• [Required action]
When you reach the line in the data below that contains "W przerwie pomiędzy", please start repeating lines exactly, and stop after the line that contains "A very nice", repeating nothing else.

• [Material for this exercise]
┄┄┄┄┄┄┄┄┄┄
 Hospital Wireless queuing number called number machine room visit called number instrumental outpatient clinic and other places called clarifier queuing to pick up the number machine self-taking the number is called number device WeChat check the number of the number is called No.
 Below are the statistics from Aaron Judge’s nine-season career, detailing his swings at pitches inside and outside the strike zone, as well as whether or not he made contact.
┄┄┄┄┄┄┄┄┄┄
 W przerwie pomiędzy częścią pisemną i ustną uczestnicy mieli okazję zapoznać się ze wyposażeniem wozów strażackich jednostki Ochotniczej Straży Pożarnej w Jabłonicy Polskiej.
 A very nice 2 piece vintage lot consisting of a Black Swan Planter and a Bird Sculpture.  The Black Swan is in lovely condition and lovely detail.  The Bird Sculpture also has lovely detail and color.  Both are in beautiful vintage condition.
┄┄┄┄┄┄┄┄┄┄
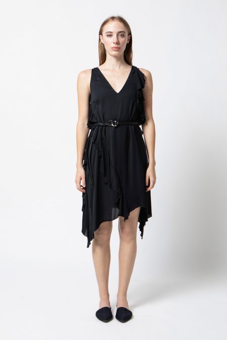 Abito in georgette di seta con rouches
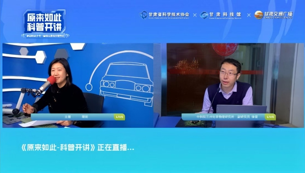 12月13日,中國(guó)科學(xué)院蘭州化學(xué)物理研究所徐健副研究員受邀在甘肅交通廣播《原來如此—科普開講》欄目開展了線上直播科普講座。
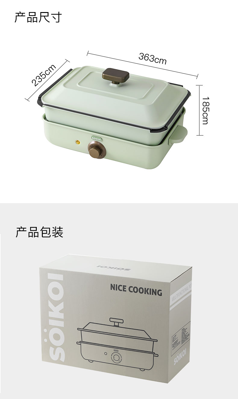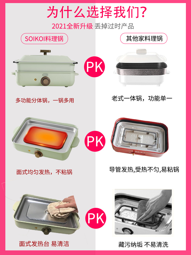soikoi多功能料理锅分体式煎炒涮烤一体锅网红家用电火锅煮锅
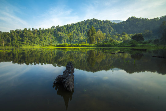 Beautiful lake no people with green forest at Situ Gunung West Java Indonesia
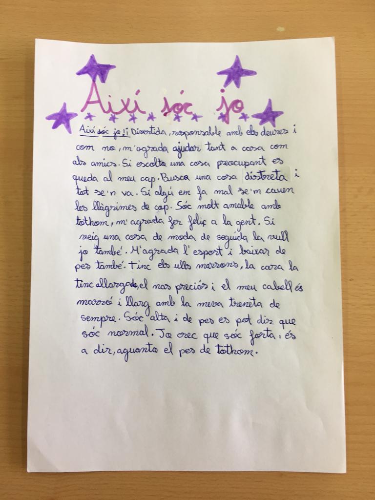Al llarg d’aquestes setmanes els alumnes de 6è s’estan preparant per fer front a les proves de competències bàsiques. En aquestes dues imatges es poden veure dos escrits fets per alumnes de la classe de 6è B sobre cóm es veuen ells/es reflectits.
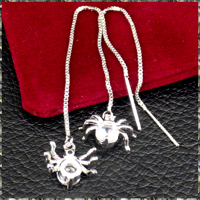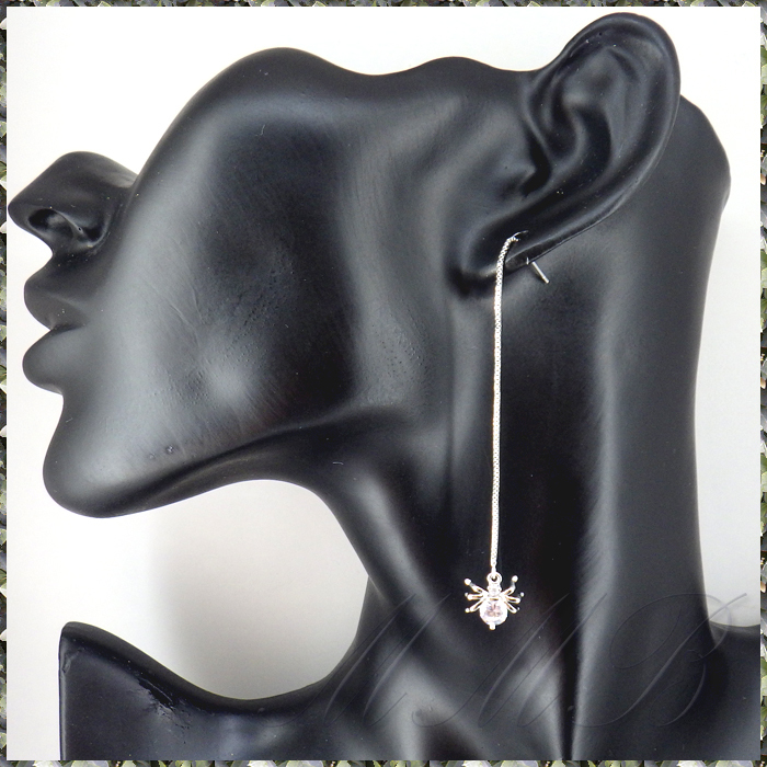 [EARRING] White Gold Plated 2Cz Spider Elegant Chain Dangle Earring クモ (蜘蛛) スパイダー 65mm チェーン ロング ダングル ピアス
┄┄┄┄┄┄┄┄┄┄
• [Solution to this task]
 W przerwie pomiędzy częścią pisemną i ustną uczestnicy mieli okazję zapoznać się ze wyposażeniem wozów strażackich jednostki Ochotniczej Straży Pożarnej w Jabłonicy Polskiej.
 A very nice 2 piece vintage lot consisting of a Black Swan Planter and a Bird Sculpture.  The Black Swan is in lovely condition and lovely detail.  The Bird Sculpture also has lovely detail and color.  Both are in beautiful vintage condition.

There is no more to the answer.